** Opening RECORDS PROVIDED block **

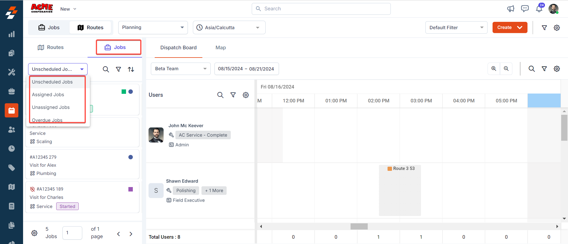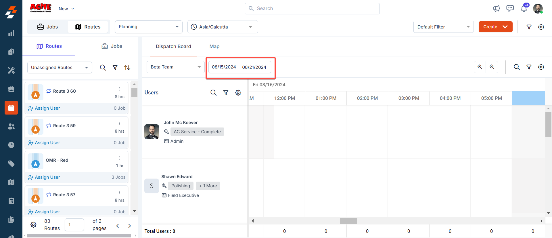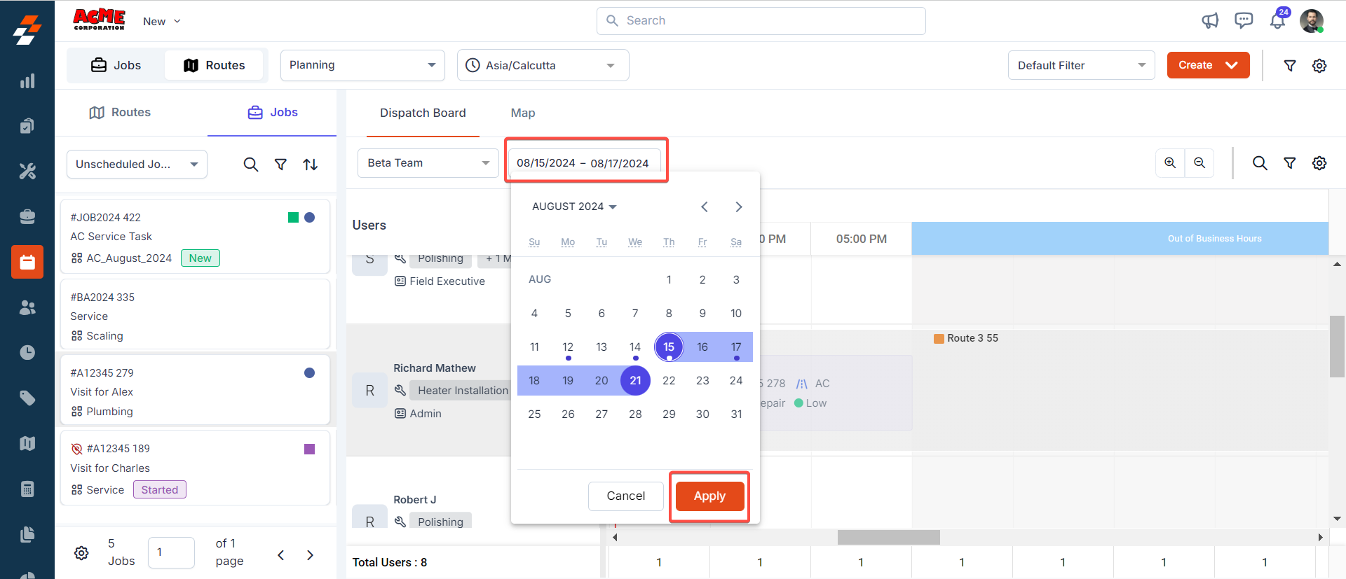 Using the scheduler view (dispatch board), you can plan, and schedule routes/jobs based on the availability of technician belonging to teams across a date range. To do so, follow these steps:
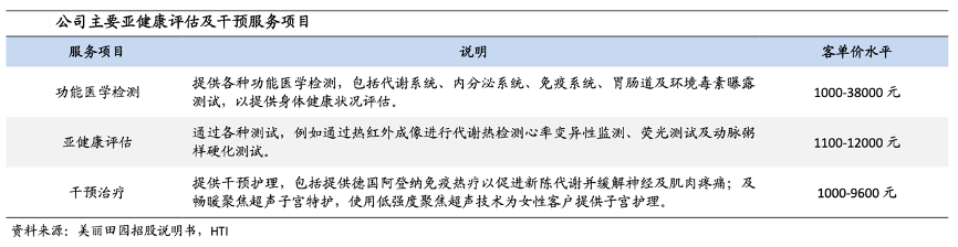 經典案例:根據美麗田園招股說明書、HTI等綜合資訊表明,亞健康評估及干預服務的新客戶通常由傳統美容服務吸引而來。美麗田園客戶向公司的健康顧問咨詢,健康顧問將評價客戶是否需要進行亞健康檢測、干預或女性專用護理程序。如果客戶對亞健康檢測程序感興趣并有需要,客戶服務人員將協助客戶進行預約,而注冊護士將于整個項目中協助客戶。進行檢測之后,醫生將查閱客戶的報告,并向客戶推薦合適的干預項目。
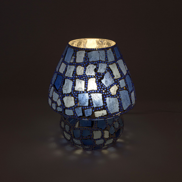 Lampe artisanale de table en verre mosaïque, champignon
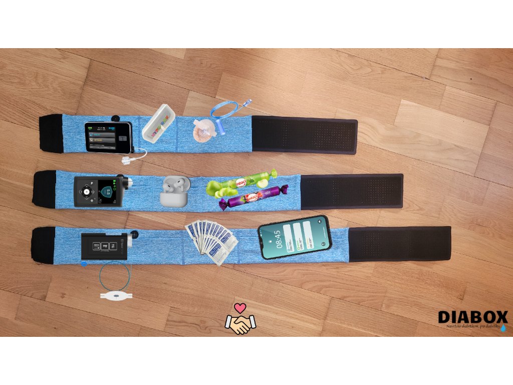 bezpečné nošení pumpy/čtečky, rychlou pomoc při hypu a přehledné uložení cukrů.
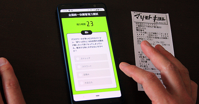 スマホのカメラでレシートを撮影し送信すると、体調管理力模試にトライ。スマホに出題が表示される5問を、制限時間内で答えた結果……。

** Closing RECORDS PROVIDED block **

PROBLEM DETAILS –
Would you restate the listing word for word without its pictures?

SOLUTION –
 Using the scheduler view (dispatch board), you can plan, and schedule routes/jobs based on the availability of technician belonging to teams across a date range. To do so, follow these steps:
 經典案例:根據美麗田園招股說明書、HTI等綜合資訊表明,亞健康評估及干預服務的新客戶通常由傳統美容服務吸引而來。美麗田園客戶向公司的健康顧問咨詢,健康顧問將評價客戶是否需要進行亞健康檢測、干預或女性專用護理程序。如果客戶對亞健康檢測程序感興趣并有需要,客戶服務人員將協助客戶進行預約,而注冊護士將于整個項目中協助客戶。進行檢測之后,醫生將查閱客戶的報告,并向客戶推薦合適的干預項目。
 Lampe artisanale de table en verre mosaïque, champignon
 bezpečné nošení pumpy/čtečky, rychlou pomoc při hypu a přehledné uložení cukrů.
 スマホのカメラでレシートを撮影し送信すると、体調管理力模試にトライ。スマホに出題が表示される5問を、制限時間内で答えた結果……。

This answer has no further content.